__Working data__
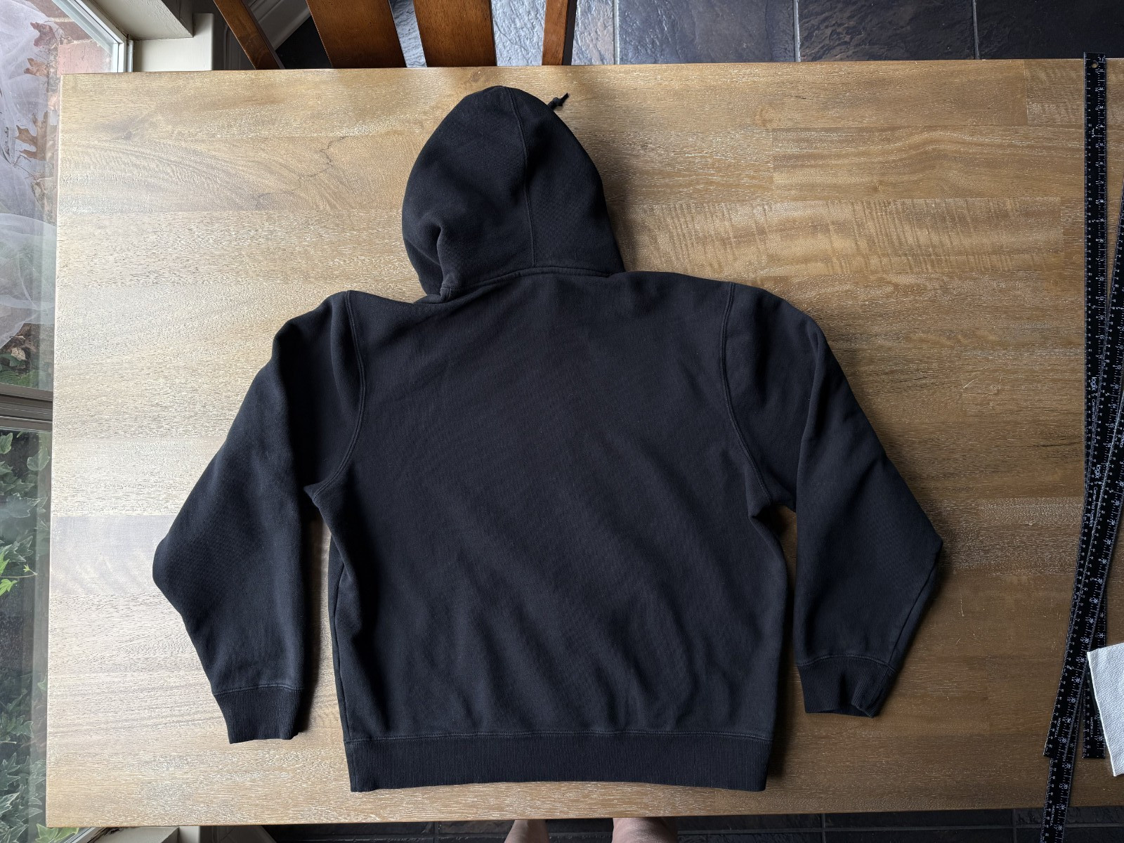 как выглядит Stussy Embroidered Black Sweatshirt Pullover Hoodie Kangaroo Pocket Large фото
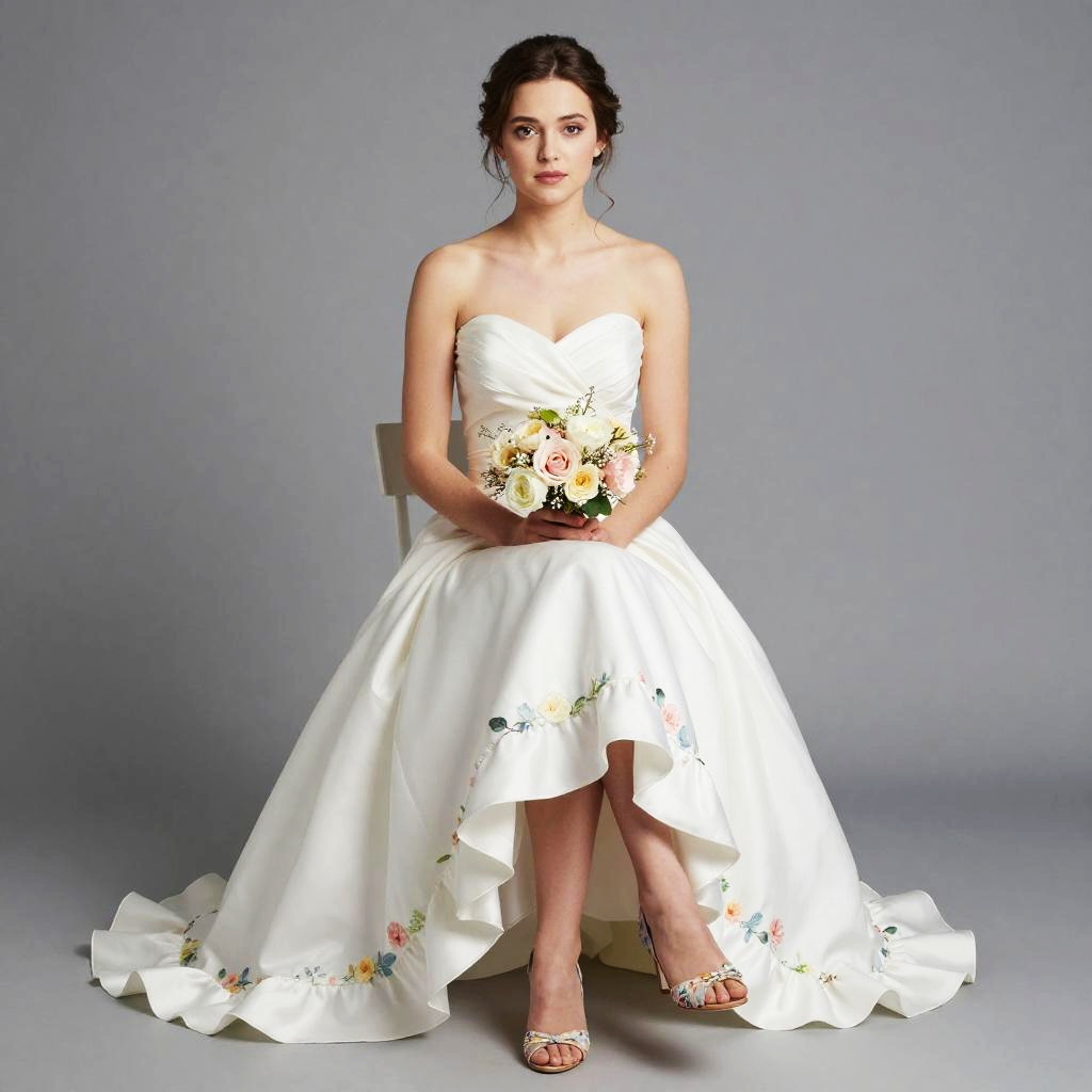 A young woman sits elegantly in a strapless white wedding gown featuring a high-low hemline adorned with delicate floral embroidery. She holds a bouquet of soft pastel roses and greenery, complemented by matching floral heeled sandals, all set against a simple gray background emphasizing the bridal style.
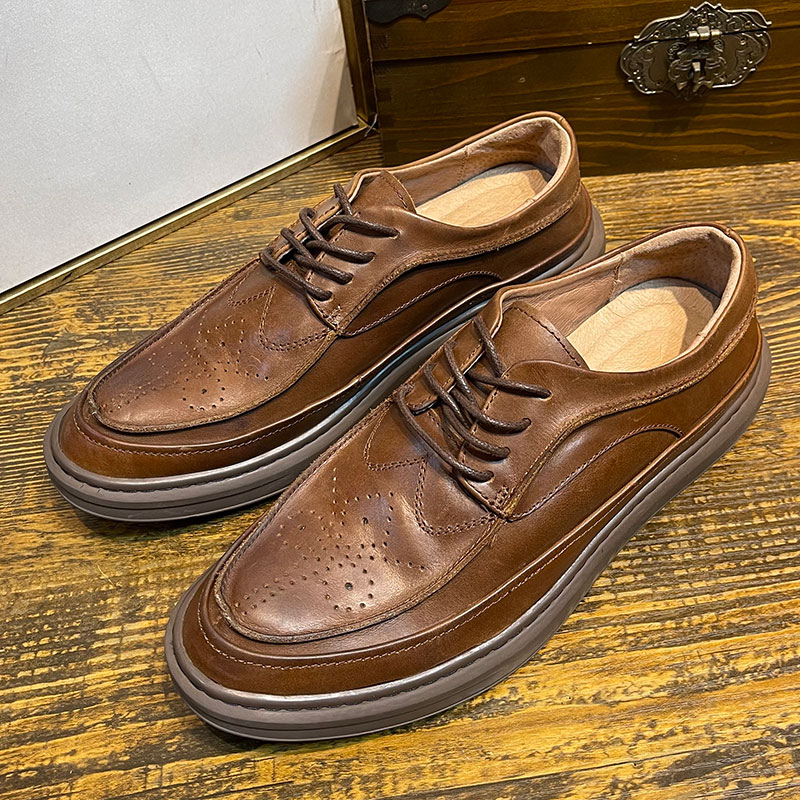 2024年新款夏季透气男鞋男士英伦时尚皮鞋百搭真皮休闲商务鞋潮
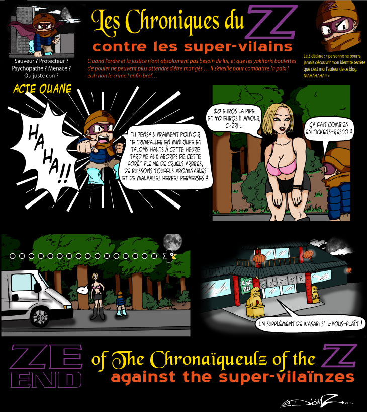 Vous tous super-vilains, tremblez ! Il y a un nouveau super-héros en ville ! On l'appelle le Z ! Par contre, ne comptez pas sur lui pour vous sauver, parce que ses supers-pouvoirs ne lui permettent pas de le faire pour le moment. Donc, si danger il y a, veuillez renouveler votre appel ultérieurement...
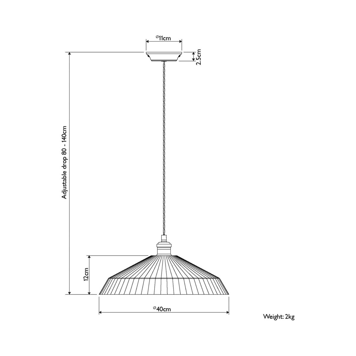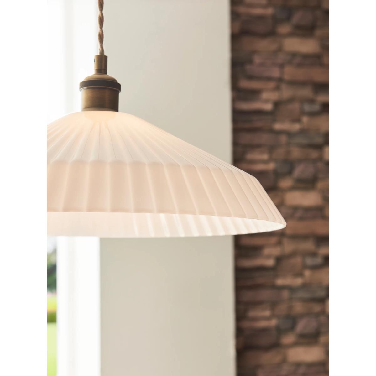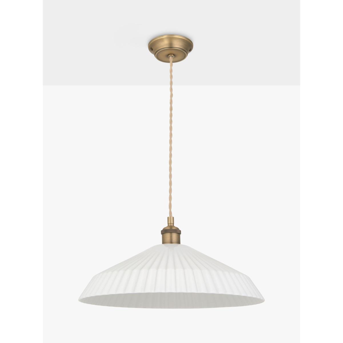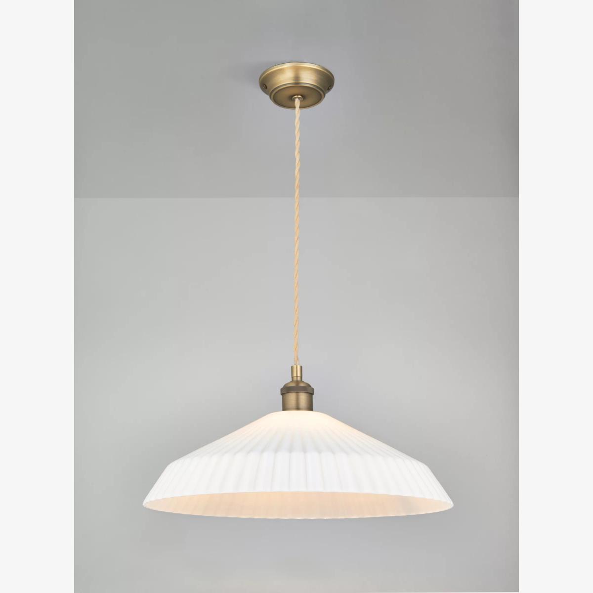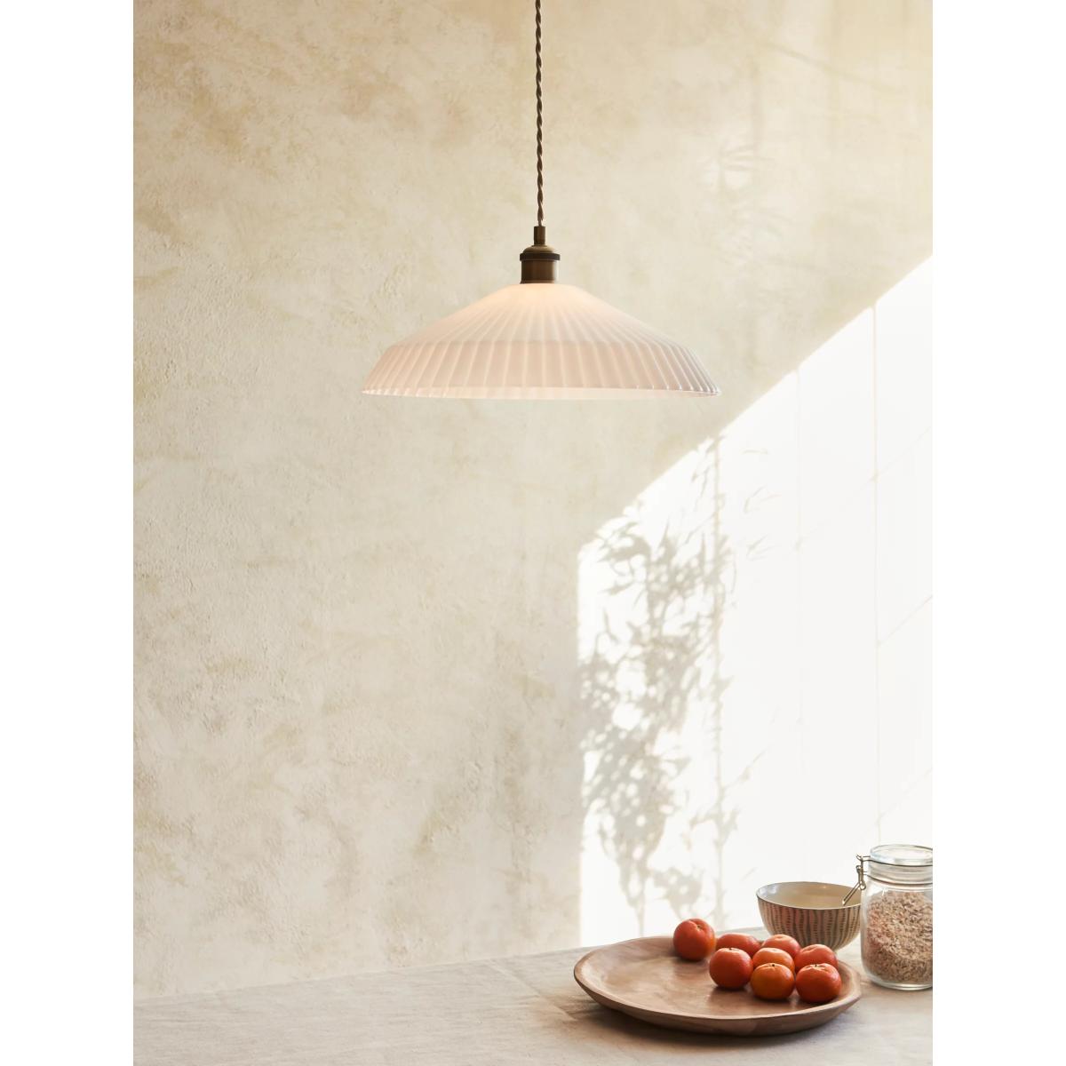 Fluted glass shade ceiling light with metallic fittings and a braided cable. A classic design particularly suited to dining areas.
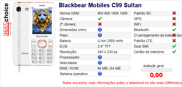 Dados sobre o telemóvel Blackbear Mobiles C99 Sultan na sua página
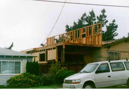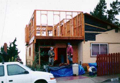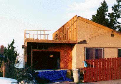 The first wall up on the second floor required the removal of part of the roof on the house ....
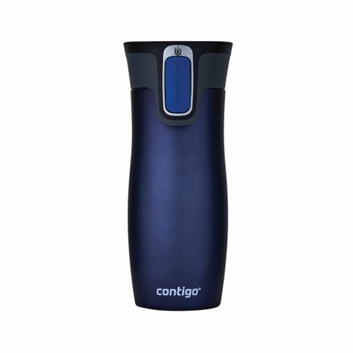 The Contigo West Autoseal travel mug is a stainless steel vacuum flask, perfect for hot and cold drinks while out and about, or near electrical items such as laptops, where spillage would be a problem. With a generous capacity of 470ml, the mug features an easy to clean lid made from BPA-free plastic. This leak-proof tumbler is supplied in a sleek Monaco blue finish with stainless steel interior and embellishment around the button. Keeping drinks hot for up to five hours and cold for up to 12 hours, the Contigo West travel mug is 100% spill-proof and the convenient button lock provides added security.
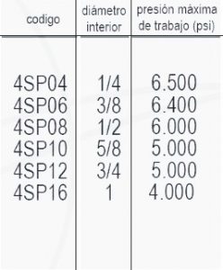 | Codigo | 4SP04 1/4 – 6.500, 4SP06 3/8 – 6.400, 4SP08 1/2 – 6.000, 4SP10 5/8 – 5.000, 4SP12 3/4 – 5.000, 4SP16 1 – 4.000 |

__The task__
Would you print all the entries again exactly, minus any pictures?

__Solution to this problem__
 как выглядит Stussy Embroidered Black Sweatshirt Pullover Hoodie Kangaroo Pocket Large фото
 A young woman sits elegantly in a strapless white wedding gown featuring a high-low hemline adorned with delicate floral embroidery. She holds a bouquet of soft pastel roses and greenery, complemented by matching floral heeled sandals, all set against a simple gray background emphasizing the bridal style.
 2024年新款夏季透气男鞋男士英伦时尚皮鞋百搭真皮休闲商务鞋潮
 Vous tous super-vilains, tremblez ! Il y a un nouveau super-héros en ville ! On l'appelle le Z ! Par contre, ne comptez pas sur lui pour vous sauver, parce que ses supers-pouvoirs ne lui permettent pas de le faire pour le moment. Donc, si danger il y a, veuillez renouveler votre appel ultérieurement...
 Fluted glass shade ceiling light with metallic fittings and a braided cable. A classic design particularly suited to dining areas.
 Dados sobre o telemóvel Blackbear Mobiles C99 Sultan na sua página
 The first wall up on the second floor required the removal of part of the roof on the house ....
 The Contigo West Autoseal travel mug is a stainless steel vacuum flask, perfect for hot and cold drinks while out and about, or near electrical items such as laptops, where spillage would be a problem. With a generous capacity of 470ml, the mug features an easy to clean lid made from BPA-free plastic. This leak-proof tumbler is supplied in a sleek Monaco blue finish with stainless steel interior and embellishment around the button. Keeping drinks hot for up to five hours and cold for up to 12 hours, the Contigo West travel mug is 100% spill-proof and the convenient button lock provides added security.
 | Codigo | 4SP04 1/4 – 6.500, 4SP06 3/8 – 6.400, 4SP08 1/2 – 6.000, 4SP10 5/8 – 5.000, 4SP12 3/4 – 5.000, 4SP16 1 – 4.000 |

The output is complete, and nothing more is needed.